Senator Angus King appeared on NPR’s Morning Edition and dropped some uncomfortable realities about the limits of military force against Iran.

The independent senator from Maine laid out a sobering assessment. Even after heavy strikes that left Iranian nuclear sites in ruins, the regime’s deadly program isn’t finished. King pointed directly to the challenge of dealing with deeply buried nuclear material.

“Well, the question is, how are they going to ensure that Iran never gets a nuclear weapon? The nuclear material that’s there — there are two pieces of this: The nuclear material that’s there, that we know of, is buried under I don’t know how many feet of rubble,” King stated.

“Getting that out is either — there [are] only two ways: One is diplomacy, one is agreement with the Iranian government to give up that material. The other is troops. You can’t do it from the air. You can’t do it by bombing. And so, that’s one of the pieces of this that we’ve got to consider.”

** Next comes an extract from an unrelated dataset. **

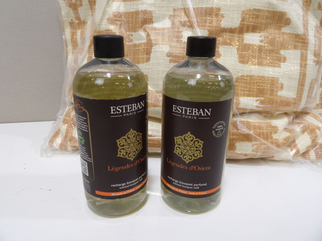 DECORATION : x2 Coussins NEUFS - On y inclut x2 recharges de bouquet parfumé ESTEBAN - Légendes d'Orient de 500ML.

He didn’t stop there. King zeroed in on the human element that no amount of ordnance can erase:

“And the other piece is — and I’ve been learning this for years — you can’t bomb knowledge. And if there are people in Iran, they’re scientists and engineers that have been working on this problem for years, the question is, how do you, ultimately, prevent them from racing toward a bomb, which this whole war that we’ve been in may provoke them to do?”

Decades of expertise live inside the minds of Iranian specialists. Destroy buildings, collapse tunnels, and scatter equipment, but the know-how survives.

Worse, King warned that the ongoing fighting itself could push those scientists to work faster, turning a contained threat into an emergency.

He called for a realistic path forward centered on smart diplomacy rather than perpetual airstrikes.

“So, I think the answer has to be some kind of diplomatic solution. And it would make me feel better if our negotiators were people that had some expertise in nuclear matters, because I think there could be a deal to be had,” King said.

“But we’ve got to have people on our side that know what’s being offered and what the implications are.”

America’s leaders must put U.S. security and prosperity first.

That means avoiding open-ended wars that enrich defense contractors while ordinary families pay at the pump.